**Directions for this task:** The lines to transcribe run from the top of the material below to the line with "Номер жалобы:14197 Тип", inclusive. Leave the pictures behind.

**Supplied data:**

--*--

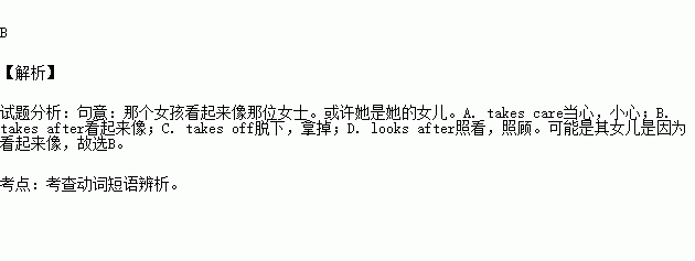 A. takes care B. takes after
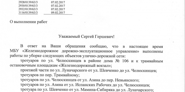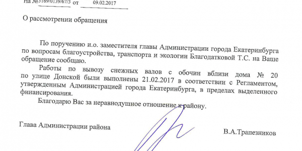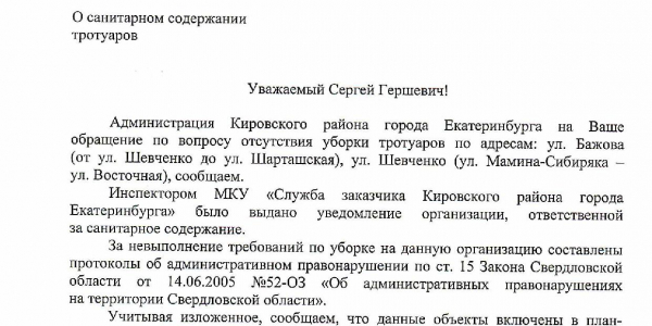 Номер жалобы:14197 Тип жалобы:Качество уборки снега на тротуарах Название объекта:Администрация Екатеринбурга Регион:Свердловская область Город:Екатеринбург Адрес:Трамвайный переулок Описание жалобы:Неудовлетворительно произведена уборка снега на обоих тротуарах вдоль переулка Трамвайного. Уборка выполнена выборочно, на стыке очищенных и неочищенных участков получился высокий перепад, затрудняющий передвижение пешеходов. Неочищенные участки в текущий зимний период от снега ни разу не очищались. Статус:
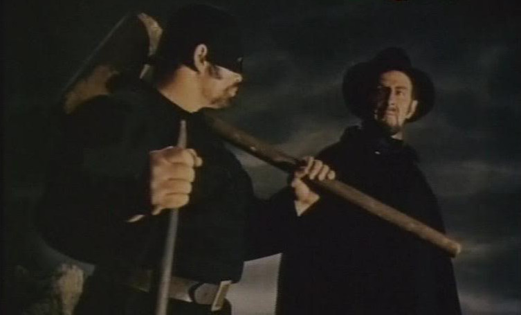 Art director John Elphick makes the most out of the small budget, making heavy use of matte paintings in order to fill out the world and continue small sets and rooms. The matte paintings are not necessarily life-like, and one could even call them crude, but in a film like this, which already deals in a world of heightened reality, something like a delirium, the obviously painted backdrops seem oddly approriate. Director Henry Cass had no experience with horror movies (despite Wikipedia erronously labelling him as “particularly prolific in film in the horror […] genre”), but does a fair job of emulating the the Hammer look, albeit with nothing of Terence Fisher’s sophistication. Many of the scenes fall visually flat, and Elphick’s art direction does much of the work for Cass. The film has a few shock moments, such as the graphic staking in the beginning of the film, as well as the almost comically gruesome makeup for Carl (especially memorable is his one eye that seems to be in the process of escaping down his face). But all in all, it is neither more nor less gory that the Hammer movies – which weren’t really that gory to begin with.
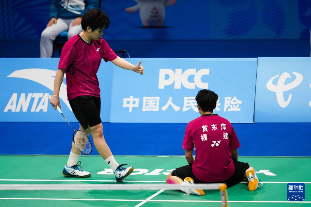 11月20日,福建队选手谭宁(左)在比赛中鼓励搭档黄东萍。
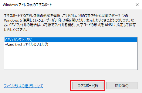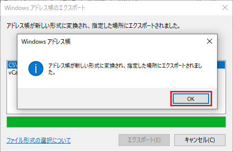 完了すると、「アドレス帳が新しい形式に変換され、指定した場所にエクスポートされました。」ポップアップウィンドウが表示されるので、「OK」をクリックしてウィンドウを閉じます。

--*--

**Finished task:**
 A. takes care B. takes after
 Номер жалобы:14197 Тип жалобы:Качество уборки снега на тротуарах Название объекта:Администрация Екатеринбурга Регион:Свердловская область Город:Екатеринбург Адрес:Трамвайный переулок Описание жалобы:Неудовлетворительно произведена уборка снега на обоих тротуарах вдоль переулка Трамвайного. Уборка выполнена выборочно, на стыке очищенных и неочищенных участков получился высокий перепад, затрудняющий передвижение пешеходов. Неочищенные участки в текущий зимний период от снега ни разу не очищались. Статус:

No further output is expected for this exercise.